Le vi sonreír y llevar las manos a su cintura, se mordió los labios, riendo en voz alta , arregló su cabello rápidamente y de rrepente adoptó la seriedad de una modelo sin quitarme la mirada, contoneando las caderas a cada paso, giró 180 grados para detenerse frente a mi dándome la espalda y en un rápido movimiento bajó su pantalón por sí mismo mostrándome una espectacular vista de su trasero y el encaje negro que le adornaba

Era una belleza, de pies a cabeza, definitivamente modelar era su trabajo. lo hacia con la maestria envidiable, hipnotizando a quien le viera, llevé mi manos al bulto de mi boxer pues ya comenzaba a dolerme la erección.

Y ella lo comprendió.

Se sentó en mi regazo a ahorcadas, frotándose contra mi de manera tortuosa en un vaivén que nos hizo gemir a la par sin evitarnos la mirada, segunos despues un beso salvaje comenzó entre ambos.

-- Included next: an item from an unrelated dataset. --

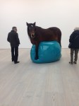 The most memorable piece for me seems extremely sad. I am not quite sure what it says about an exhibition when the thing you remember most is because of the intense sadness it causes within you instead of a display on intense beauty. This sadness appears in the form of a papier mache model donkey lying on one of the gallery floors. He is positioned on his side with his limbs tied together with a rope and looks to be in crippling pain. The animal has been painted in a celestial blue and the white of his eyes are black. The piece was made by Mia Feuer in collaboration with Palestinian children as a tribute to the mode of transport used in the region where Palestinian’s have been unable to drive motor vehicles. Also on show in this particular gallery are work from two other artists from the Middle East – Iranian artist Sohelia Sokhanvari and Saudi Arabian Maha Malluh. Like Feuer, Sokhanvari depicts an animal, this time in the form of a taxidermy horse astride a blue balloon. The piece has been a favourite of instagrammers all over London, probably due to its strangeness. However, after doing a little digging, it seems that it also has a deeper social meaning, being a metaphor for the 2009 ‘Green Movement’ where demonstrations led a fraudulent election result to be annulled. Feuer and Sokhanvari’s animals are displayed against the backdrop of Malluh’s display of burnt bottomed cooking vessels. Food For Though – Al-Muallaqat, is probably a lot more mesmerising than it should be. The silver tones mixed in with black charcoal stains glitter like mosaics. Yet this three dimensional wall decoration relate to pre-Islamic hanging poems as well as the burnt out state of globalisation and consumerism.

Gruñí de inmediato sintiendo su cuerpo arder contra el mío, llevé mis manos a su espalda mientras, gracias a la cercanía, besaba y lamía su cuello a expensas de no poder marcarla.

Agarré su cintura tan solo para alzarla y dejarla postrada en la cama boca arriba.

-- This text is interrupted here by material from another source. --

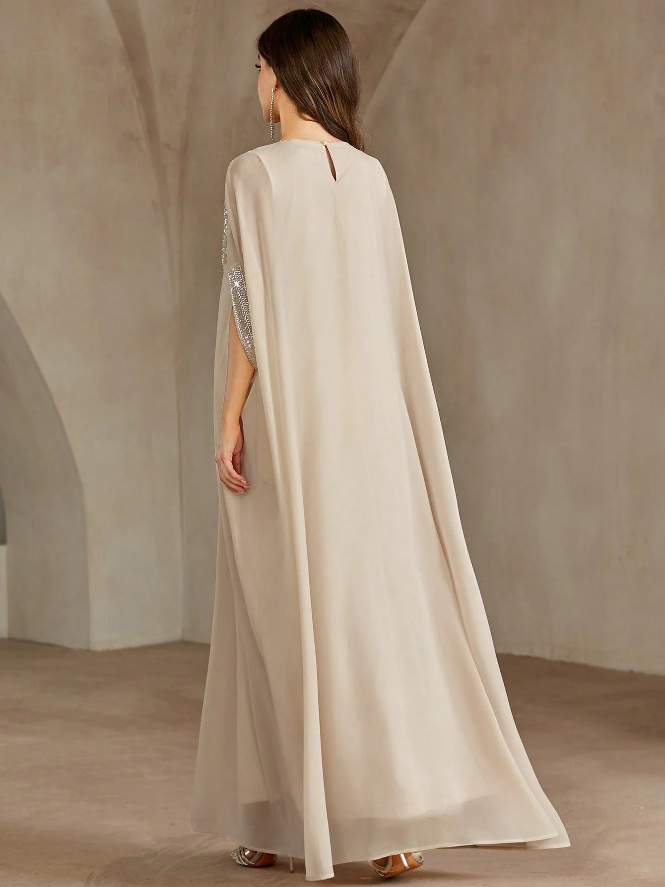 Round Neck Embellished Floral Collar And Rhinestones Kaftan

Con sus mejillas rojas, y respirando grandes bocanadas de aire.

—Karasu-kun... hazlo —

—aún no, princesa, te dije que te ibas a encargar de lo que estás provocando —comenté, sonriendo altaneramente. Esa era la ocasión que necesitaba.

Me acerqué a su vientre contorneando con mi lengua sus finas líneas. Le sentí temblar comprobando de buena manera que ese era su punto débil.

—Karasu-kun... Haa~ —

Sin detenerme en las caricias bajé su prenda inferior desasiéndome del pequeño trozo de tela.

—¿sabes lo que me gusta, verdad? —dijo, abriendo las piernas mientras se tocaba lascivamente

¿Cómo no iba a saberlo? Si había dedicado la primera vez en adorar su cuerpo, analizando cada reacción, el cuerpo humano era sorprendente pero el de ella, apagaba su cerebro, le hacía reaccionar por instinto olvidándose por completo de quien era y que hacía ahí.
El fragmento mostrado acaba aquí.